The designers at first pushed for colorful and feathery dinosaurs to reflect a more modern scientific understanding of dinosaurs but this idea was shot down by director Peter Jackson, who wished to keep the dinosaurs more dull and plain to keep them stylistically similar to those that appeared in the 1933 film. The Wētā designers created several hundred drawings and sculptures of creatures and a large number of designs never made it into the final film. Often aesthetics were favored over absolute realism; the design chosen for the Vastatosaurus rex (descendants of Tyrannosaurus rex) was for instance the design that looked the most monstrous and terrifying, rather than the one that looked the most like a real dinosaur. Early on in the process, there was also talk of having many of the dinosaurs be more upright, an outdated idea in-line with their appearance in the original film, but this idea was eventually scrapped. Creature designs were however also envisioned so that they would be biologically plausible. For instance, some design ideas for the Terapusmordax (a giant bat-like creature) depicted it as flying using back legs that had developed into wings, a design scrapped because it was deemed too unlikely.

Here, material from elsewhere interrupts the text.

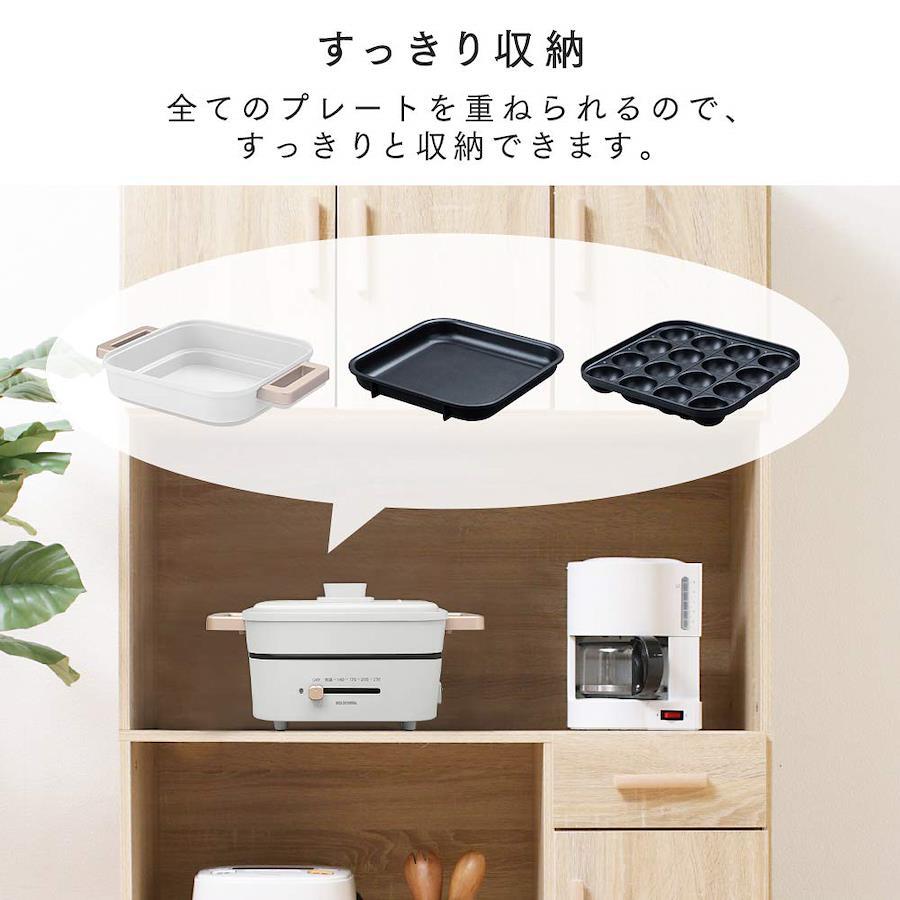 煮る、炊く、焼くがこれ1台。食卓でアツアツ料理が楽しめます。煮物やなべ料理などに便利な深なべ、焼肉やお好み焼きなどが楽しめる平面プレート、たこ焼きプレート付きです。

The World of Kong, supervised by Peter Jackson, was one of several tie-in products released to accompany the film. It was published just before the film's premiere. The book served to highlight some of the vast amount of creature artwork created by Wētā Workshop for the film, much of which depicted creatures that had not made their way into King Kong. The choice was also made to write the book in the style of an in-universe field guide and natural history. According to Wētā designer Daniel Falconer, the team often envisions deep "fictional lore" surrounding their projects and designs but The World of Kong was one of the rare cases in which they were able to present that lore, which otherwise rarely "makes it out", in an entire book.